We get huge 7-8 foot tall plants on one main stem. The plant produces maybe 5 or 6 okra pods per plant. how can I get more okra pods per plant?
That’s a good question. First, I would enrich with compost. I notice I get more okra (and a fuller plant, not just taller) when the soil is more fertile. Second, you might try growing another variety. I found Clemson Spineless to outperform another variety I tried this year.
I don’t know if this is still active or not, but…
I have germinated some okra seeds using the paper towel method, soaking the seeds first.
They started to sprout, so I put them in peat pots, but the seeds won’t break from the sprouts and it’s stopping them from growing, actually killing my sprouts.

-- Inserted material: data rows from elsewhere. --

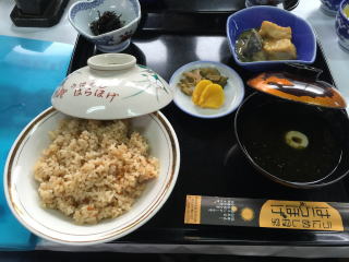 地蔵さんの安置場所は、二度、三度と変わったそうだ。地蔵さんの近くまで橋が突き出ている。 地蔵さんのすぐ近くに、海女さんが営む食堂はらほげがあり、そこでウニの炊き込みご飯を食べた。 |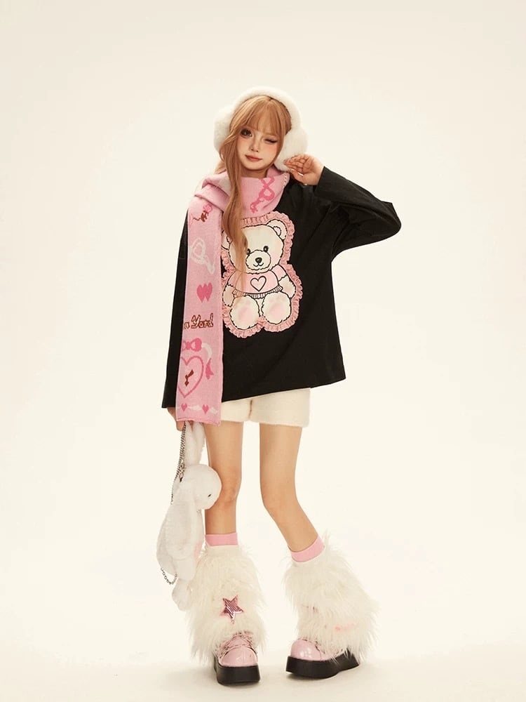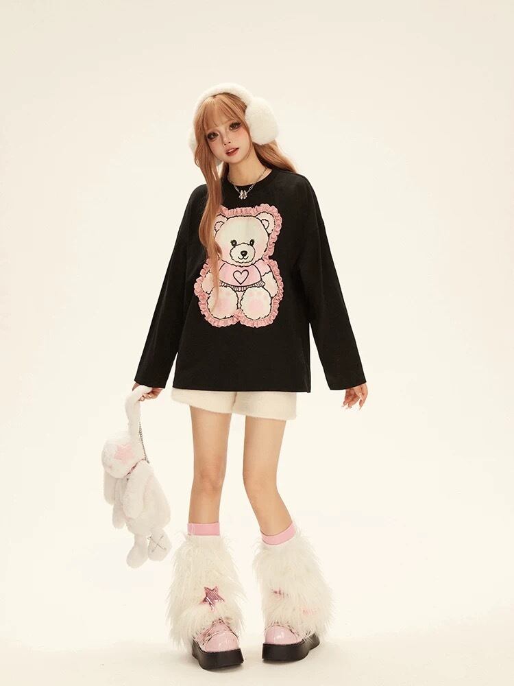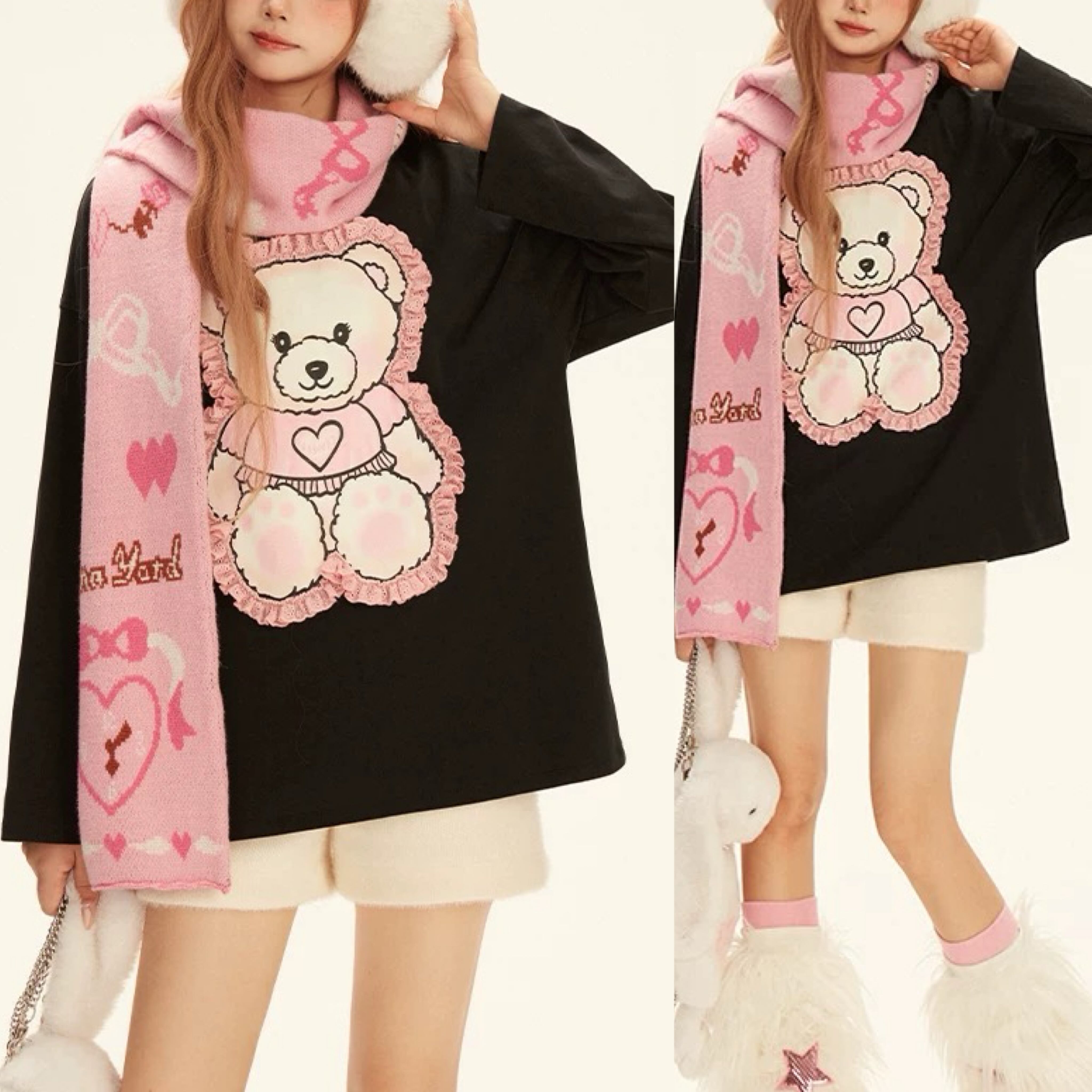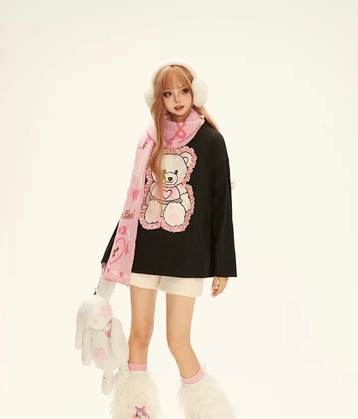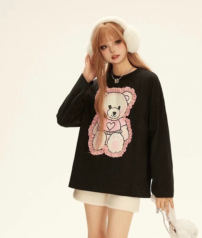 くまさん ガーリー 黒 ピンク トレーナー リボン 可愛い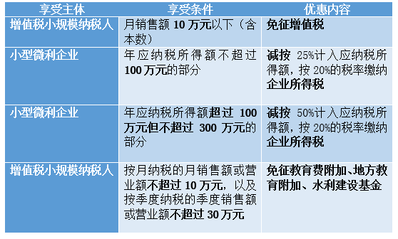 2019年1月,为进一步减轻小微企业税收负担,财政部、国家税务总局出台了小微企业普惠性的税收减免政策,将增值税起征点由月销售额3万元提高到10万元。同时,大幅放宽了可享受企业所得税优惠的小型微利企业标准,同时加大了所得税优惠力度。

How can I get the seeds to break away from the sprouts?
I’ve never had this happen with okra, though I have seen it in tomatoes and peppers. Usually I’ll pinch or clip the seed off. From what I understand, this can happen with old seed, though I’ve seen it in newer seed, too, and I’m not sure what causes it. I don’t start okra seeds indoors — I directly sow them in the garden — so I’m not sure if that might have played a role?
I live on zone 8A and we are having a cool spring this year so am waiting for tje weather to warm up to plenty okra…probably in mid April. By the 4th of July, I cut my okra plants in half so when they rebound, and theydo, they produce bountiful amounts of okra until november.
Can you explain more why you cut them back? I’m in 7b and I harvest until probably mid-October, depending on when it cools off. What benefit does cutting them back provide, that you’ve seen?
I’d like to know also. Thanks Jill for the great info!
HI. I subscribed and I’m not getting regular emails! Love this article on okra. This year will be my first try at growing it in Zone 7B
Hi Lois, I checked and it looks like you’re receiving the weekly emails I send on Fridays. If you don’t see them in your inbox, perhaps since you have a gmail address, they are under the “promotions” tab.